PRODUCTS AND SERVICES
2: CUSTOM ANTIBODY PRODUCTION
2.8 Complete de novo sequencing of mAB
The service for the complete de novo sequencing of mAb and other proteins offered by Gemini Bio is based on a proprietary protein sequencing technology that we developed over many years. We guarantee a result with a 100% sequencing coverage of the entire mAb molecules, a better than 99.5% accuracy and distinct assignment of Leu/Ile residues.
We also offer an optional confirmation service to confirm the accuracy of the variable regions of the sequenced mAb. In this validation process, we express HV and LV region O in E. coli, and use LC/MS/MS peptide mapping to compare each variable region peptide from original and expressed proteins. We guarantee a 100% correctness of the mAb sequence after this confirmation process. Since we use E. coli as the expression host, the confirmation process is often much faster and lower cost than mammalian host expression. Since the sequence confirmation is based on MS and MS/MS of each peptide instead of ELISA assay, the sequence fidelity is much higher.

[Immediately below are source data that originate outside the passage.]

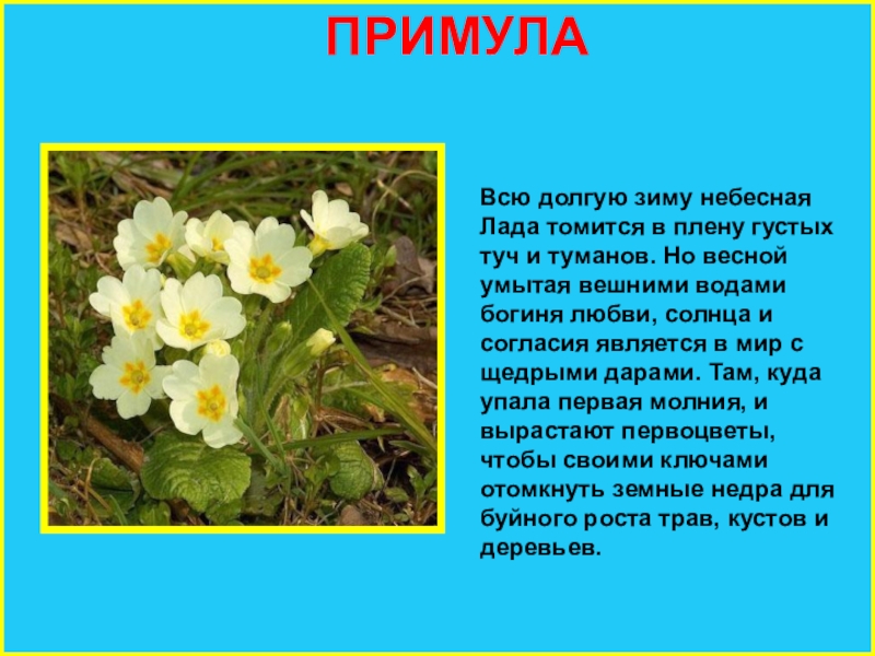 Всю долгую зиму небесная Лада томится в плену густых туч и туманов. Но весной умытая вешними водами богиня любви, солнца и согласия является в мир с щедрыми дарами. Там, куда упала первая молния, и вырастают первоцветы, чтобы своими ключами отомкнуть земные недра для буйного роста трав, кустов и деревьев.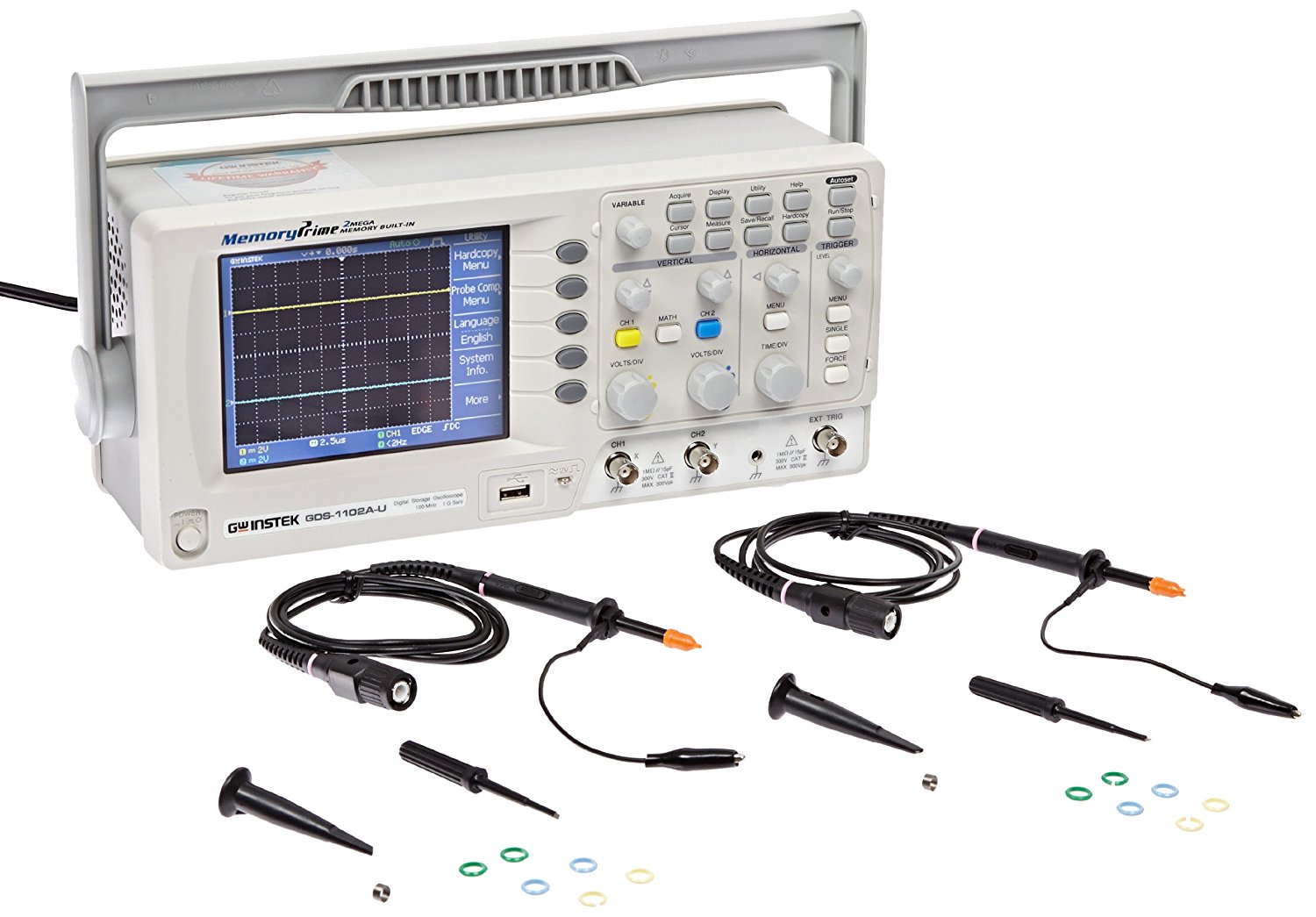 La serie GDS-1000A-U proporciona una solución única. La línea GDS-1000A-U incluye tres modelos GDS-1152A-U, GDS-1102A-U y GDS-1072A-U. Operando a 150, 100 o 70 MHz con una tasa de muestreo en tiempo real de 1GSa / s, el GDS-1102A-U emplea la tecnología MemoryPrime. Al utilizar la tecnología MemoryPrime, el GDS-1102A-U puede superar los problemas asociados con las limitaciones de memoria. Las tasas de muestreo altas, que raramente se encuentran en DSO tradicionales, se pueden mantener durante períodos de tiempo más largos, sin afectar el rendimiento. Junto con la pantalla TFT de 5,7 colores de alta resolución, con una interfaz de usuario amigable, el dispositivo USB y el puerto de host hacen que la serie GDS-1000A sea rica en funciones.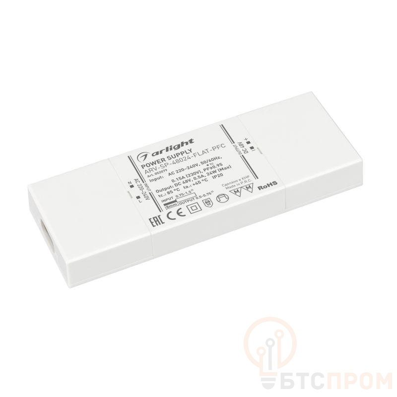 Источник напряжения с гальванической развязкой для светодиодных изделий. Входное напряжение 220-240 VAC. Выходные параметры: 48 В, 0.5 А, 24 Вт. Встроенный PFC >0.95. Сверхтонкий пластиковый корпус IP20. Габаритные размеры длина 137 мм, ширина 50 мм, высота 16 мм. Гарантийный срок 5 лет.

The complete mAb de novo sequencing is often a very complex process, involving more than ten different proteolytic digestions, several steps of chemical derivatizations, NanoLC-ESI-MS/MS data acquisition, bioinformatics analysis with more than a dozen proprietary softwares, the manual spectra assignment, etc. In general the process contains the following steps:
Proteolytic digestion and chemical derivatization.
LCMS data acquisition.
Database search and peptide de novo sequencing.
Draft sequencing assembling.
Sequence gap filling.
Sequence error screening.
Our mAb de novo sequencing technology can also be applied to other proteins. However, changes in the process are often required based on the nature of the protein.
Sample requirement: Since more than ten different proteolytic reactions are carried out in the sequencing process, we prefer to have > 1mg mAb protein for each project, although ~500ug mAb sample is acceptable. A better than 90% purity is required. The main concern about the quality of a sample is immunoglobin contamination since there is no easy way to separate contaminating antibodies from the mAb of interest and it is not easy to determine if a peptide is from a contaminating protein or from the mAb of interest. The major source of such contamination is the foetal calf serum in cell culture media.
It often takes about four weeks to sequence one mAb sample.